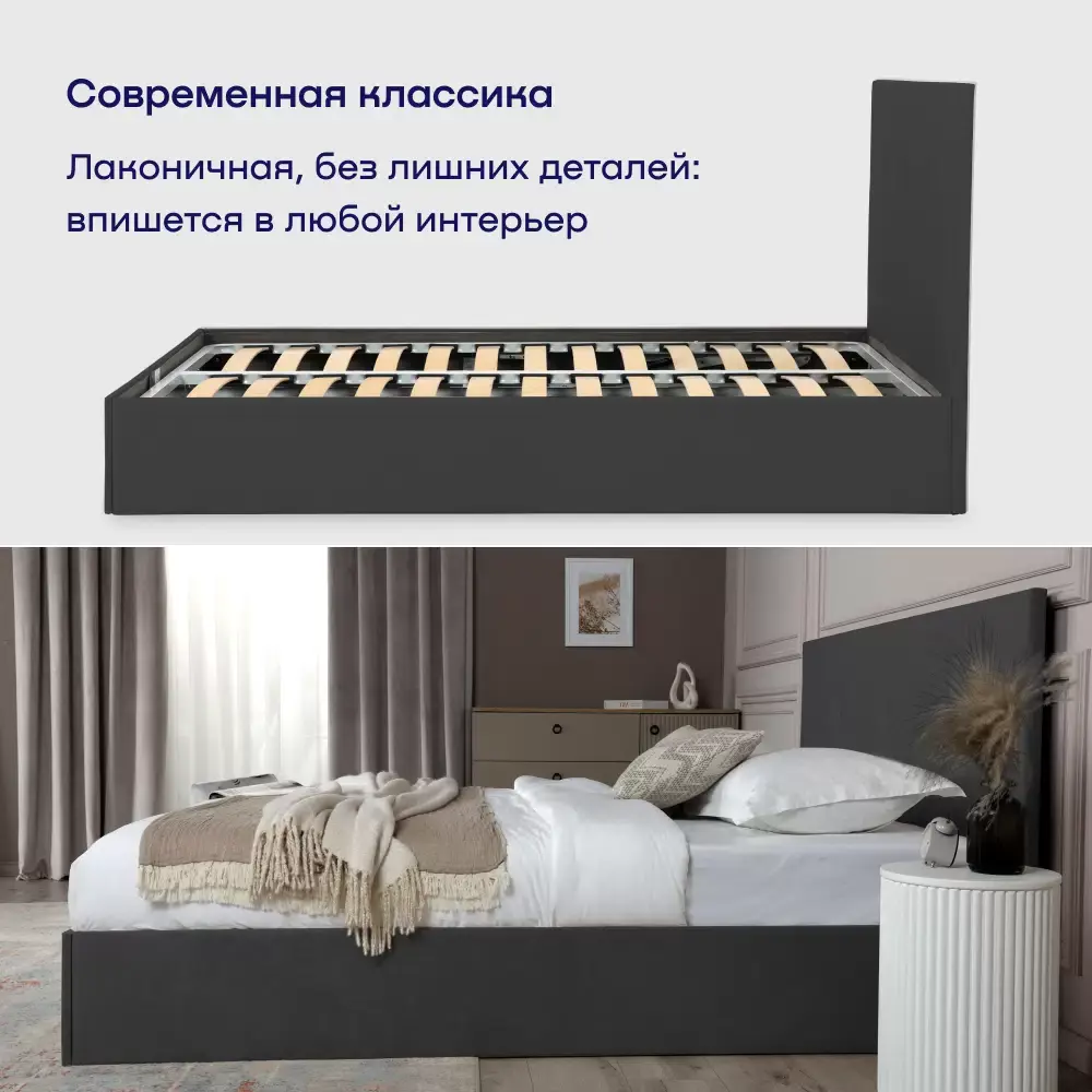 Классическая модель кровати с высоким мягким изголовьем BuyRelax сделает вашу спальню еще уютнее. Лаконичная конструкция без излишеств прекрасно впишется в любой интерьер. Долговечный обивочный материал высокого качества – мебельный велюр (микровелюр, более технологичный вариант микрофибры). Ткань приятная на ощупь, не выцветает и легко поддается чистке. Покрытие «Soft Touch» придает ткани глубокий матовый оттенок с мягким отблеском, который немного меняется в зависимости от освещения – от светло-серого до темного. Приятная на ощупь ткань, не выцветает и легко поддается чистке.
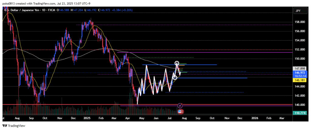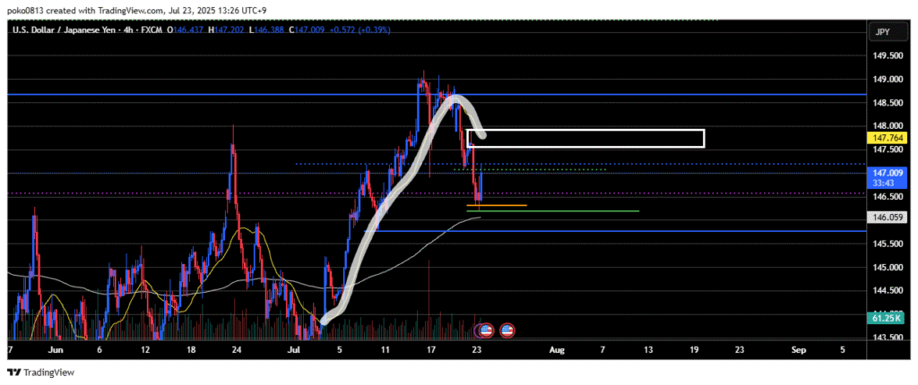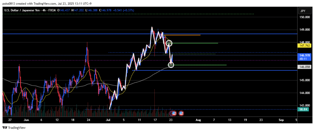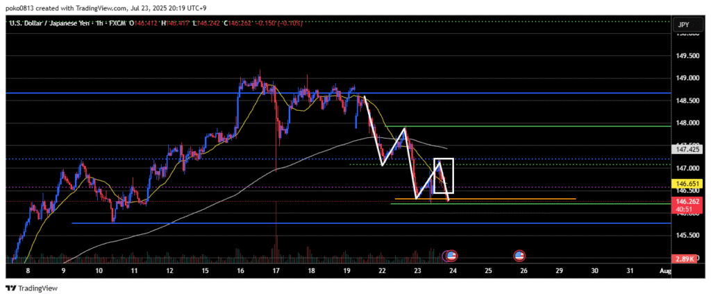 Currently, the last confirmed swing low is considered to be at 145.75 yen.
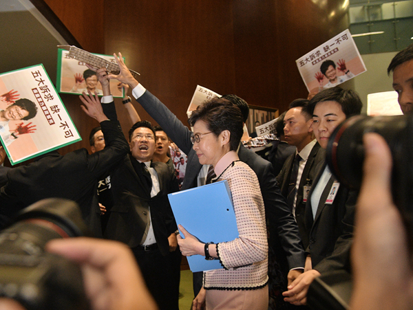 林郑离开议事厅时被反对派議員用物件攻擊。蔡啟文摄
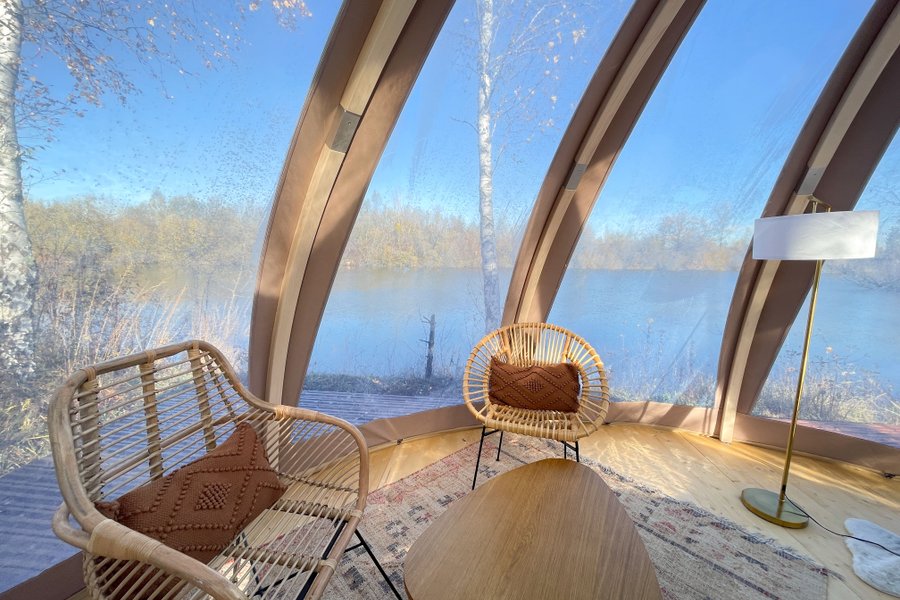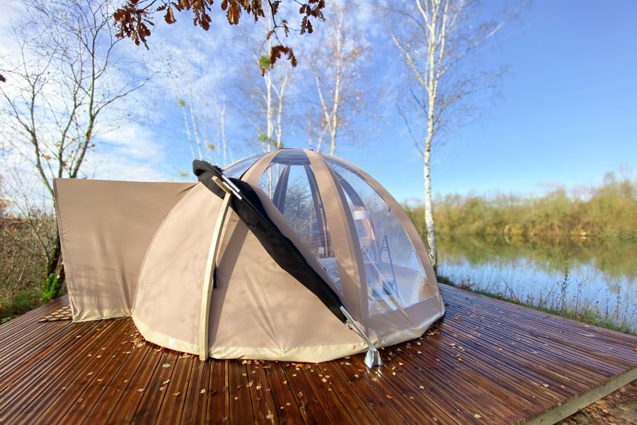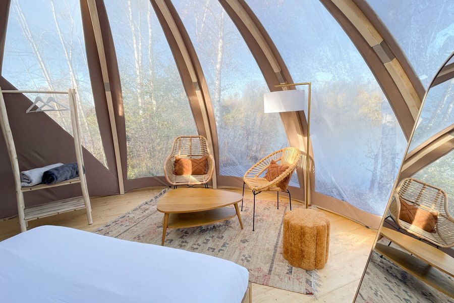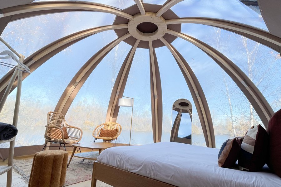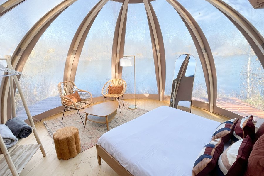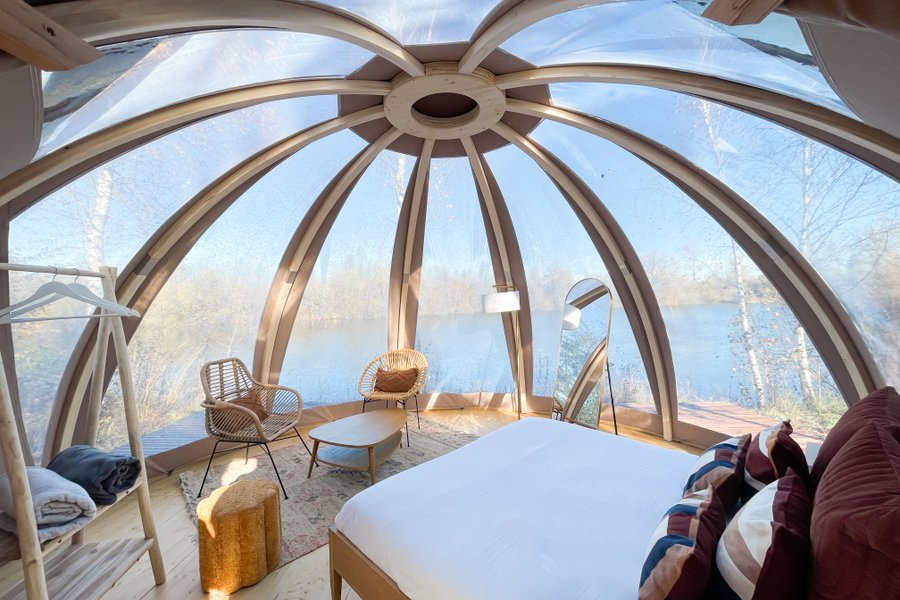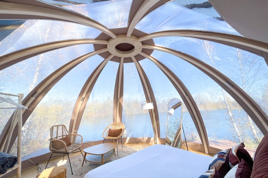 Accessible par un sentier privé, ce dôme au toit transparent vous plonge au cœur de la nature avec une vue spectaculaire sur l’étang et le ciel étoilé.
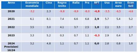 Tabella 1: variazione percentuale annua del Pil nelle principali economie e raggruppamenti di stati. Periodo 2020-2023 e previsioni 2024. Fonte: Word Economic Outlook Fmi

_____

__THE PROBLEM__. Without the images, output all the entries exactly as they stand.

__ANSWER BOX__.
 Классическая модель кровати с высоким мягким изголовьем BuyRelax сделает вашу спальню еще уютнее. Лаконичная конструкция без излишеств прекрасно впишется в любой интерьер. Долговечный обивочный материал высокого качества – мебельный велюр (микровелюр, более технологичный вариант микрофибры). Ткань приятная на ощупь, не выцветает и легко поддается чистке. Покрытие «Soft Touch» придает ткани глубокий матовый оттенок с мягким отблеском, который немного меняется в зависимости от освещения – от светло-серого до темного. Приятная на ощупь ткань, не выцветает и легко поддается чистке.
 Currently, the last confirmed swing low is considered to be at 145.75 yen.
 林郑离开议事厅时被反对派議員用物件攻擊。蔡啟文摄
 Accessible par un sentier privé, ce dôme au toit transparent vous plonge au cœur de la nature avec une vue spectaculaire sur l’étang et le ciel étoilé.
 Tabella 1: variazione percentuale annua del Pil nelle principali economie e raggruppamenti di stati. Periodo 2020-2023 e previsioni 2024. Fonte: Word Economic Outlook Fmi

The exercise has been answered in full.